Background: Favipiravir and Molnupiravir, orally available antivirals, have been reported to exert antiviral activity against SARS-CoV-2. First efficacy data have been recently reported in COVID-19 patients. Methods: We here report on the combined antiviral effect of both drugs in a SARS-CoV-2 Syrian hamster infection model. The infected hamsters were treated twice daily with the vehicle (the control group) or a suboptimal dose of each compound or a combination of both compounds. Findings: When animals were treated with a combination of suboptimal doses of Molnupiravir and Favipiravir at the time of infection, a marked combined potency at endpoint is observed.
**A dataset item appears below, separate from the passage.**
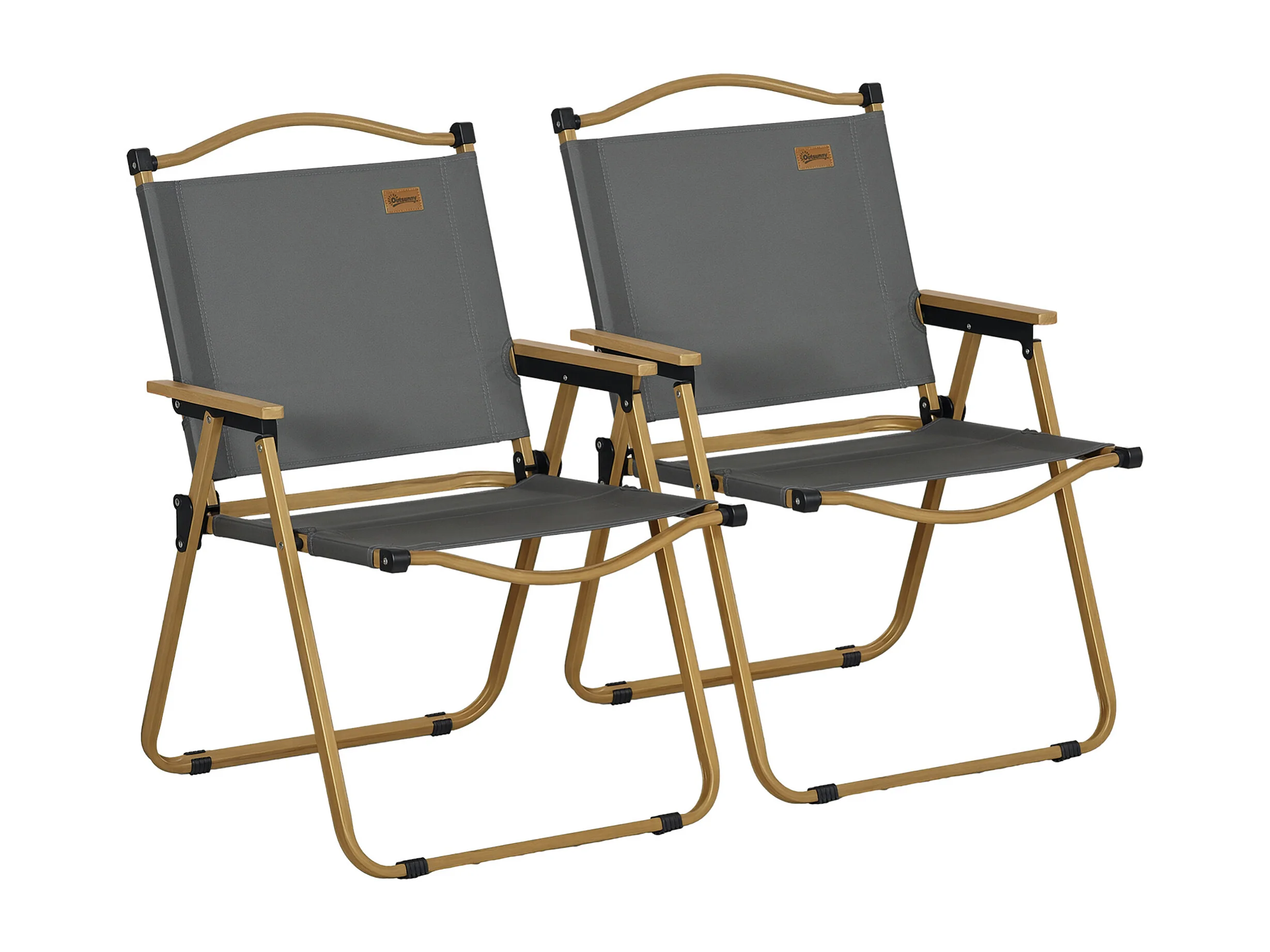 Lot de 2 chaises de plage camping pliantes - poignée - structure acier aspect bois oxford gris

Infectious virus titers in the lungs of animals treated with the combination are reduced by ∼5 log10 and infectious virus are no longer detected in the lungs of >60% of treated animals. When start of treatment was delayed with one day a reduction of titers in the lungs of 2.4 log10 was achieved. Moreover, treatment of infected animals nearly completely prevented transmission to co-housed untreated sentinels. Both drugs result in an increased mutation frequency of the remaining viral RNA recovered from the lungs of treated animals. In the combo-treated hamsters, an increased frequency of C-to-T mutations in the viral RNA is observed as compared to the single treatment groups which may explain the pronounced antiviral potency of the combination. Interpretation: Our findings may lay the basis for the design of clinical studies to test the efficacy of the combination of Molnupiravir/Favipiravir in the treatment of COVID-19. Funding: stated in the acknowledgment.